• [WHAT TO WORK ON]: Each entry below must be repeated exactly. Leave the pictures out of it.

==== INFORMATION ====

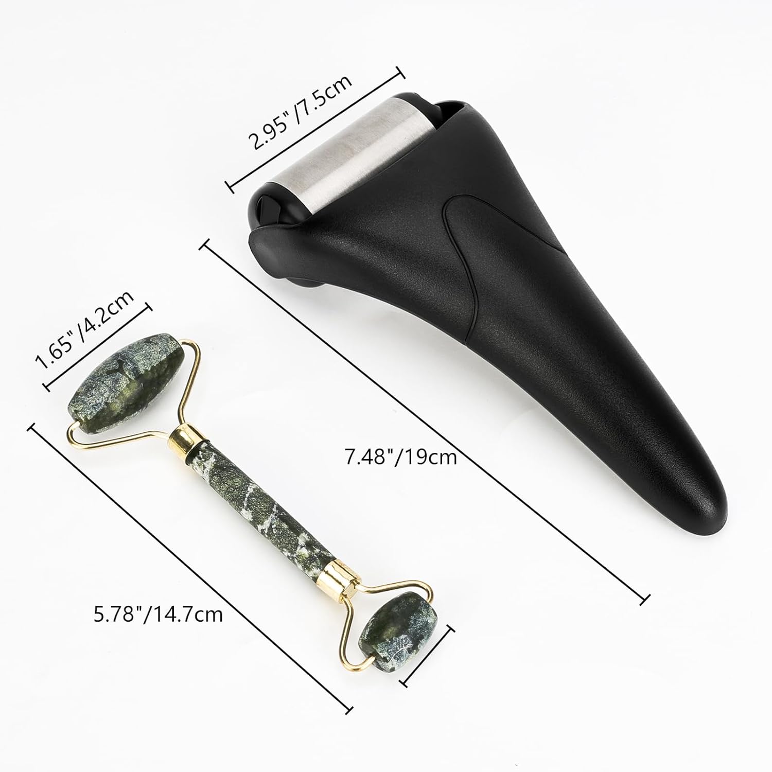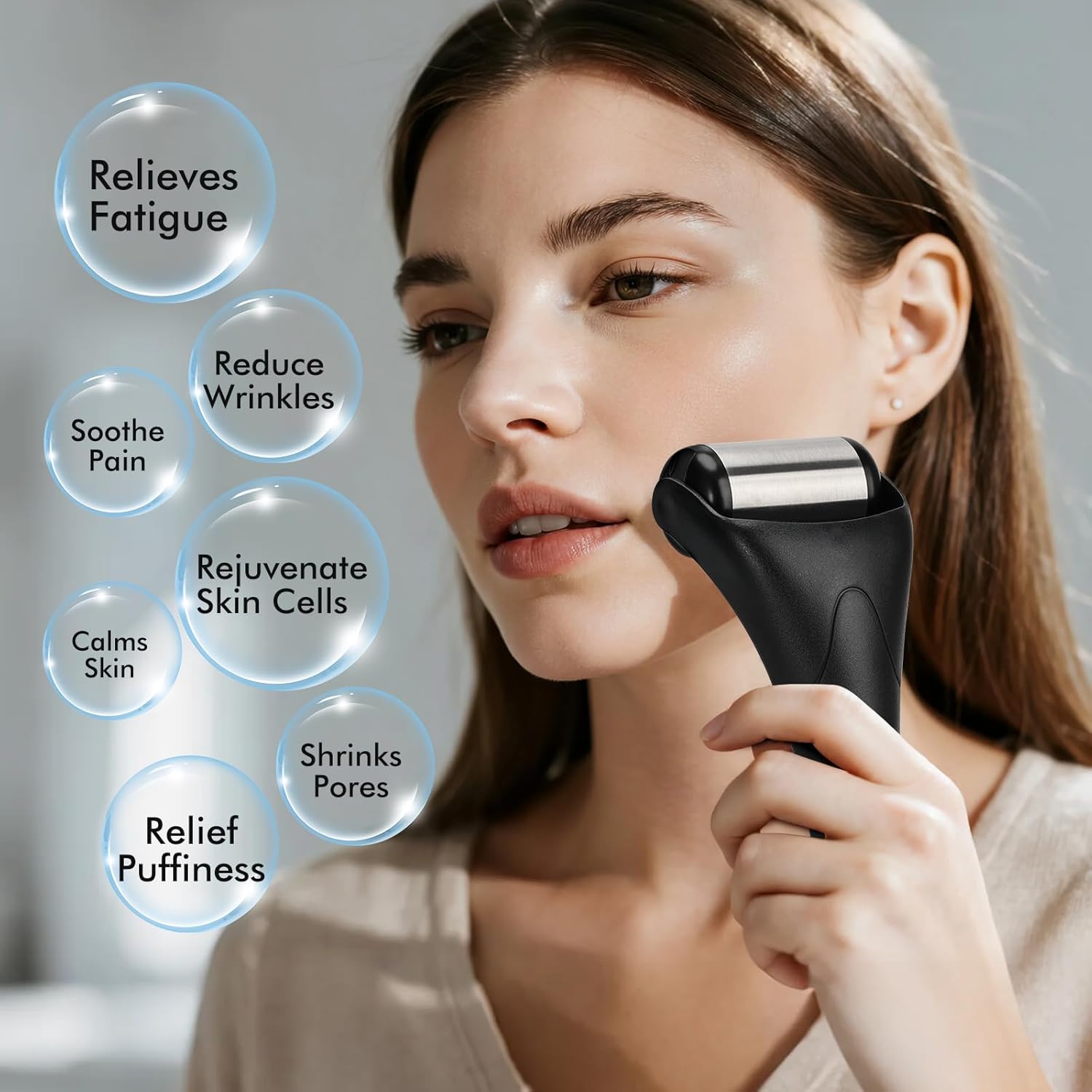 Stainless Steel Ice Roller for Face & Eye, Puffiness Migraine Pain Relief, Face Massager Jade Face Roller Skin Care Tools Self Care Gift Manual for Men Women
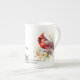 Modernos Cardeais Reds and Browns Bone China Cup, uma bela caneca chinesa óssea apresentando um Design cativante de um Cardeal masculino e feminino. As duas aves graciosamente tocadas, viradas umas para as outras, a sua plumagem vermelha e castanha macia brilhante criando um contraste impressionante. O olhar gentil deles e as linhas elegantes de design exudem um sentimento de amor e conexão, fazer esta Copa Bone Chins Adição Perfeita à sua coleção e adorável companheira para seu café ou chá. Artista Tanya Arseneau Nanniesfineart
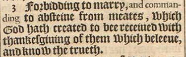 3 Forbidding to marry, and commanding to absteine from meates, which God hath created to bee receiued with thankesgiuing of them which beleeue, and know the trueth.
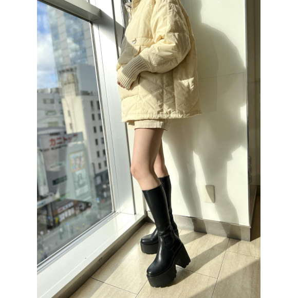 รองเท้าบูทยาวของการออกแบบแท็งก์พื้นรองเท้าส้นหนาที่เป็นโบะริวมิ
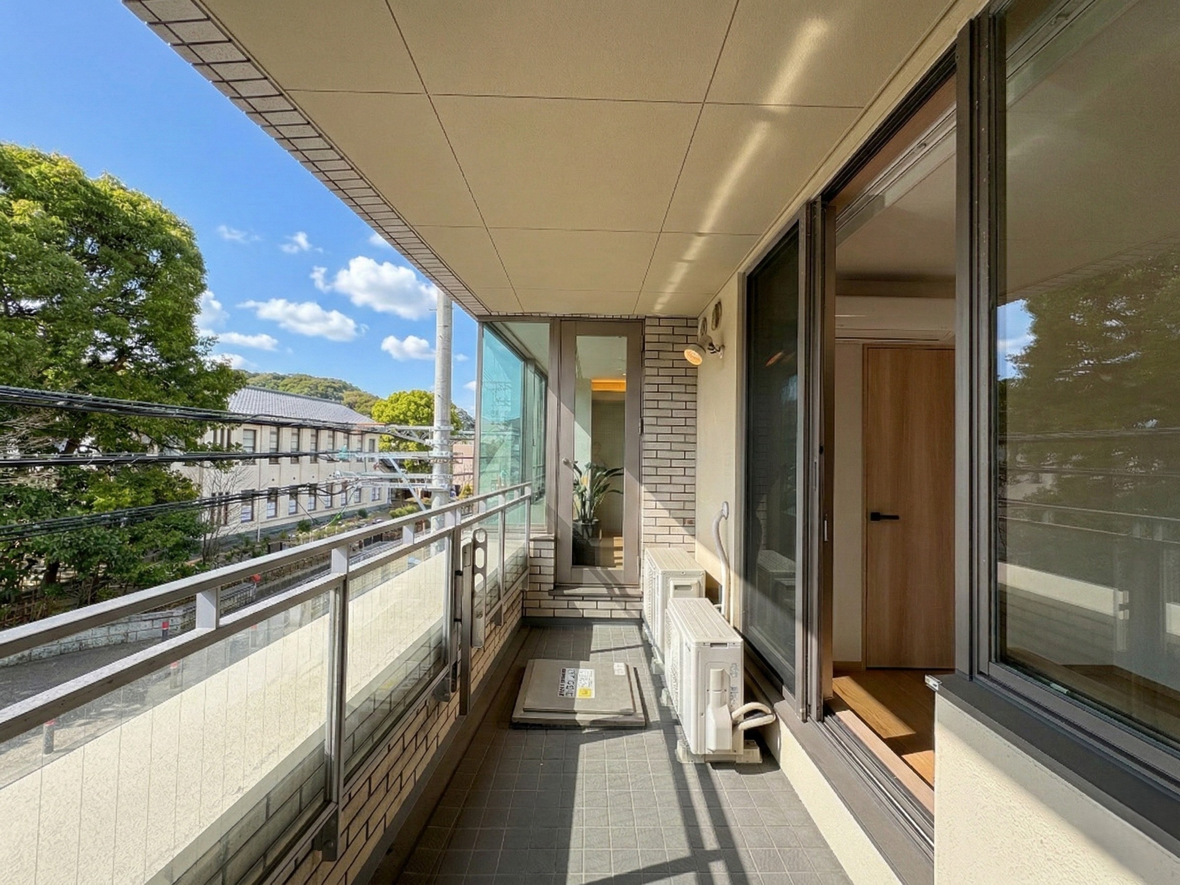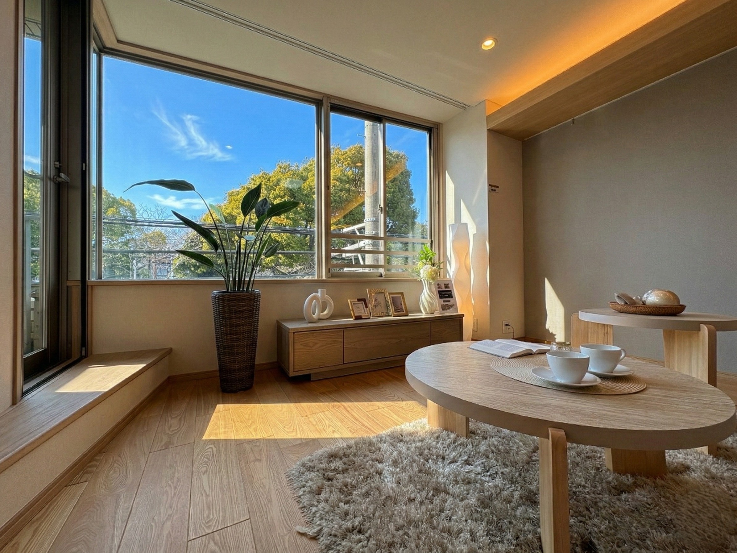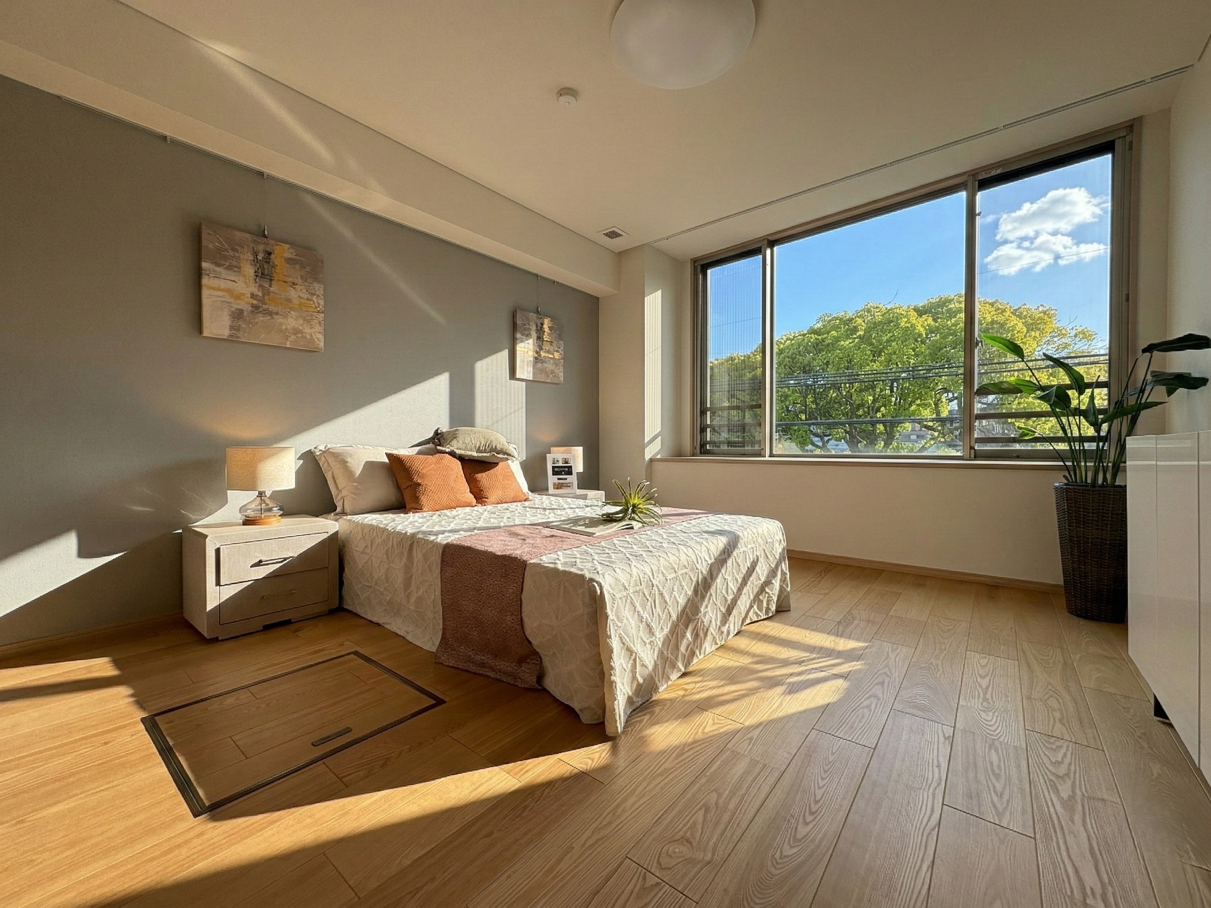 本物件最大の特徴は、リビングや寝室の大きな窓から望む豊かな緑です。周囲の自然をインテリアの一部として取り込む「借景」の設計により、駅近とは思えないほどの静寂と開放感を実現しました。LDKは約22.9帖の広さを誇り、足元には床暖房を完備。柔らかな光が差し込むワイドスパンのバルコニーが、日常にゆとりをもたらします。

====

• [REPLY]:
 Stainless Steel Ice Roller for Face & Eye, Puffiness Migraine Pain Relief, Face Massager Jade Face Roller Skin Care Tools Self Care Gift Manual for Men Women
 Modernos Cardeais Reds and Browns Bone China Cup, uma bela caneca chinesa óssea apresentando um Design cativante de um Cardeal masculino e feminino. As duas aves graciosamente tocadas, viradas umas para as outras, a sua plumagem vermelha e castanha macia brilhante criando um contraste impressionante. O olhar gentil deles e as linhas elegantes de design exudem um sentimento de amor e conexão, fazer esta Copa Bone Chins Adição Perfeita à sua coleção e adorável companheira para seu café ou chá. Artista Tanya Arseneau Nanniesfineart
 3 Forbidding to marry, and commanding to absteine from meates, which God hath created to bee receiued with thankesgiuing of them which beleeue, and know the trueth.
 รองเท้าบูทยาวของการออกแบบแท็งก์พื้นรองเท้าส้นหนาที่เป็นโบะริวมิ
 本物件最大の特徴は、リビングや寝室の大きな窓から望む豊かな緑です。周囲の自然をインテリアの一部として取り込む「借景」の設計により、駅近とは思えないほどの静寂と開放感を実現しました。LDKは約22.9帖の広さを誇り、足元には床暖房を完備。柔らかな光が差し込むワイドスパンのバルコニーが、日常にゆとりをもたらします。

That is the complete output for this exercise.